INPUT DATA:
+---+

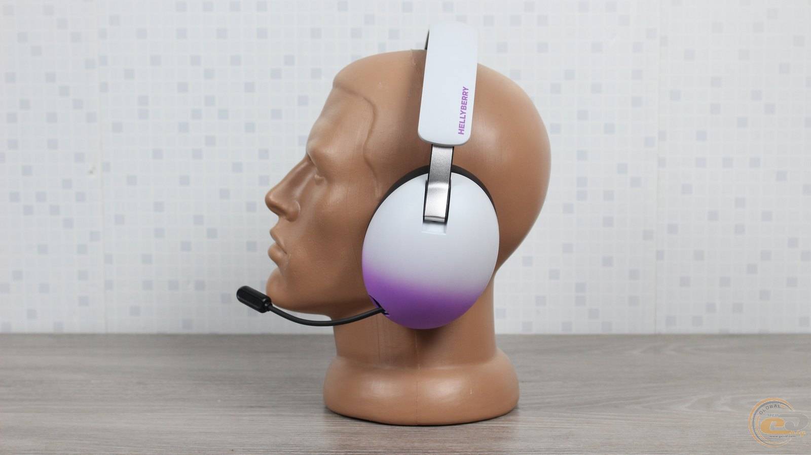 Це забезпечує комфорт навіть при тривалому носінні. На лівому боці розташовано напис Hellyberry у фіолетовому кольорі, а на правому — фірмовий логотип бренду. Така комбінація робить гарнітуру впізнаваною й підкреслює її стильову цілісність.
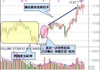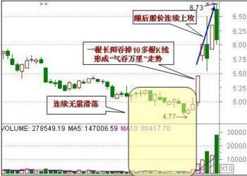 股价在低档持续小幅无量滑落,某一日正常开盘后拔地而起,报收大洋心啊,统吃此前近10根K线,成交量亦放出巨量。此K线组合往往是受某些突发性消息的刺激,主力机构匆匆忙忙拉高建仓的表现。
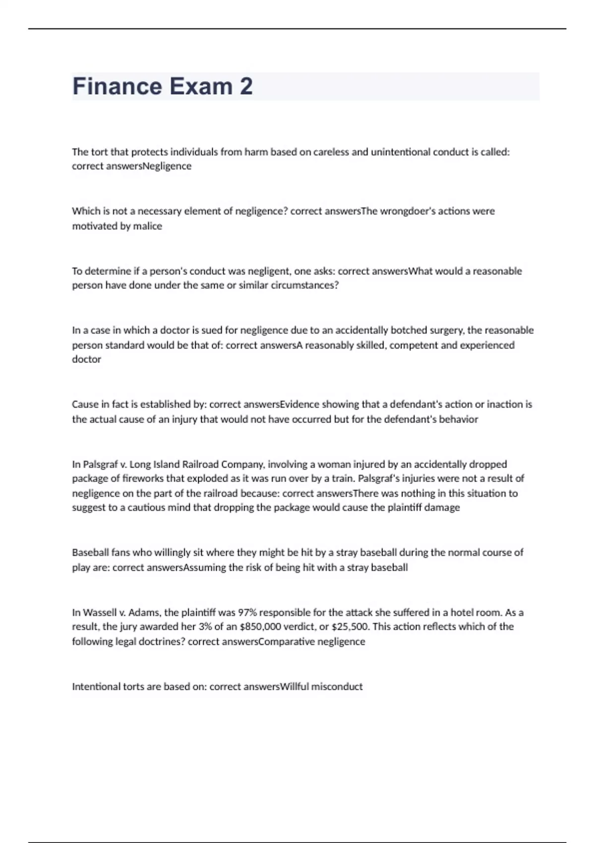 The tort that protects individuals from harm based on careless and unintentional conduct is called: correct answersNegligence Which is not a necessary element of negligence? correct answersThe wrongdoer's actions were motivated by malice To determine if a person's conduct was negligent, one asks: correct answersWhat would a reasonable person have done under the same or similar circumstances? In a case in which a doctor is sued for negligence due to an accidentally botched surgery, the reasonable person standard would be that of: correct answersA reasonably skilled, competent and experienced doctor Cause in fact is established by: correct answersEvidence showing that a defendant's action or inaction is the actual cause of an injury that would not have occurred but for the defendant's behavior In Palsgraf v. Long Island Railroad Company, involving a woman injured by an accidentally dropped package of fireworks that exploded as it was run over by a train. Palsgraf's injuries were not a result of negligence on the part of the railroad because: correct answersThere was nothing in this situation to suggest to a cautious mind that dropping the package would cause the plaintiff damage Baseball fans who willingly sit where they might be hit by a stray baseball during the normal course of play are: correct answersAssuming the risk of being hit with a stray baseball In Wassell v. Adams, the plaintiff was 97% responsible for the attack she suffered in a hotel room. As a result, the jury awarded her 3% of an $850,000 verdict, or $25,500. This action reflects which of the following legal doctrines? correct answersComparative negligence Intentional torts are based on: correct answersWillful misconduct

+---+

WORK TASK: Every line from the start of the material through the line containing "股价在低档持续小幅无量滑落,某一日正常开" is needed exactly as written; the pictures are not.

ANSWER FOR THIS EXERCISE:
 Це забезпечує комфорт навіть при тривалому носінні. На лівому боці розташовано напис Hellyberry у фіолетовому кольорі, а на правому — фірмовий логотип бренду. Така комбінація робить гарнітуру впізнаваною й підкреслює її стильову цілісність.
 股价在低档持续小幅无量滑落,某一日正常开盘后拔地而起,报收大洋心啊,统吃此前近10根K线,成交量亦放出巨量。此K线组合往往是受某些突发性消息的刺激,主力机构匆匆忙忙拉高建仓的表现。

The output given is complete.